14

La morada del caballero estaba en una plaza, frente a la iglesia y encerrada entre casas. La cocina y los establos eran edificios separados. El salón no resultaba impresionante, pues era un habitáculo de madera con techo de paja, no mucho más grande que un apartamento del mundo de Holger. Tenía forma de T, con la rama izquierda del brazo de la cruz sirviendo de base a la torre que había observado antes. La parte frontal estaba en el extremo de la T, cerrada. La luz brillaba por entre las ventanas cerradas; los perros alborotaban en los establos. Hugi se acercó a la puerta de entrada remachada en hierro.

—Por aquí huyó el warg —afirmó.

—¡Y la familia de mi amo está sola! —exclamó Frodoart, tratando de abrir el cerrojo—. Cerrada con barras. ¡Sir Yve! ¿Podéis oírme? ¿Estáis bien?

—Odo, cubre la parte de atrás —gritó Holger—. Alianora elévate e infórmame de cualquier cosa inusual.
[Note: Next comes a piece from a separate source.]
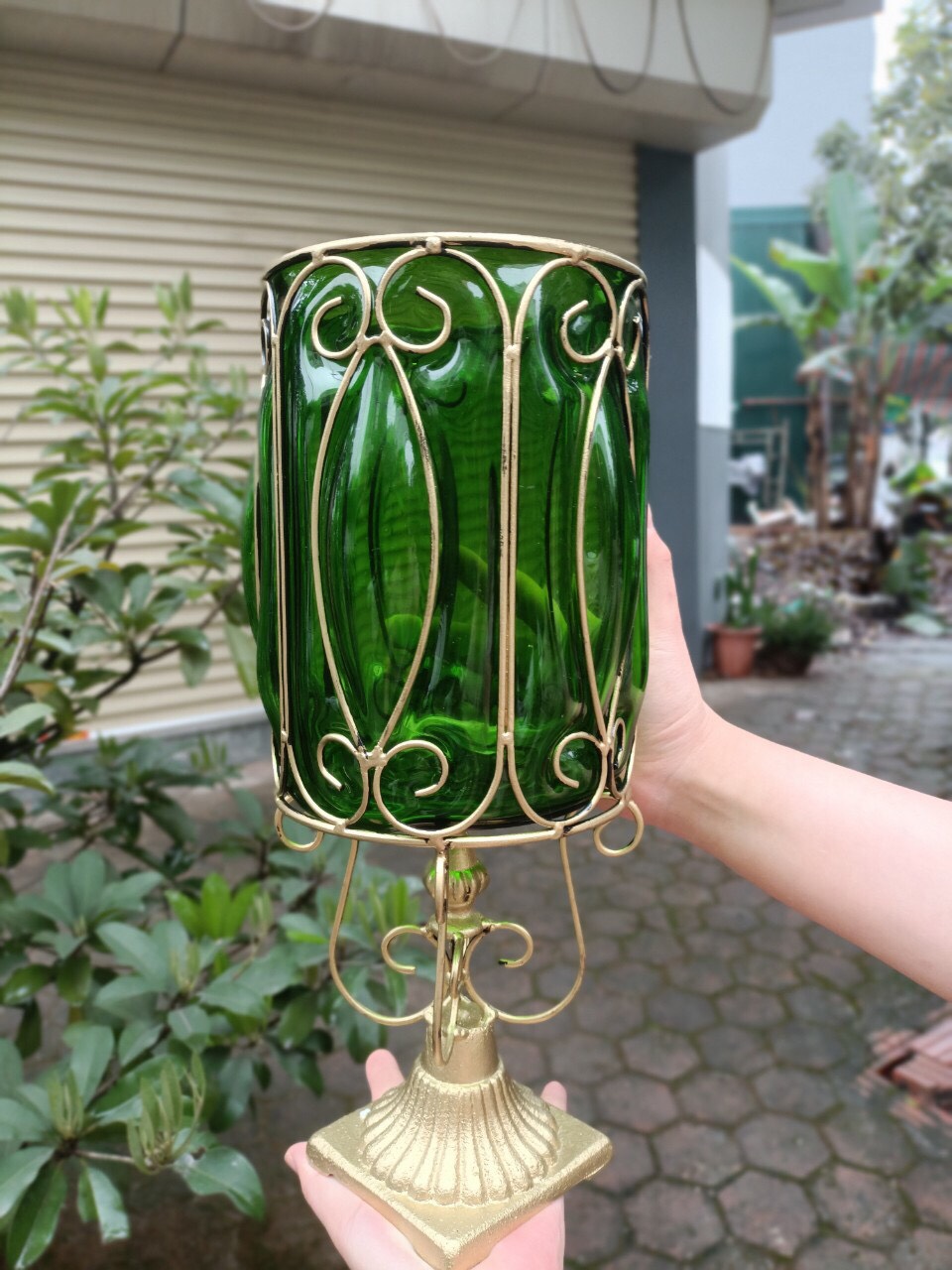 Bình cắm hoa thủy tinh xanh ngọc chân sắt mỹ thuật hoa văn cổ điển

El cabalgó hasta la puerta y la golpeó con el pomo de la espada. El herrero reunió a varios hombres que corrieron hacia atrás. Hugi les siguió. Más gente iba llegando a la plaza. Gracias al fugitivo brillo amarillento de las antorchas, Holger reconoció que entre la gente estaban algunos de los pasto— res. Raoul, el campesino, se abrió paso entre la multitud para unirse a él, con la espada en la mano. Nadie respondía a la llamada.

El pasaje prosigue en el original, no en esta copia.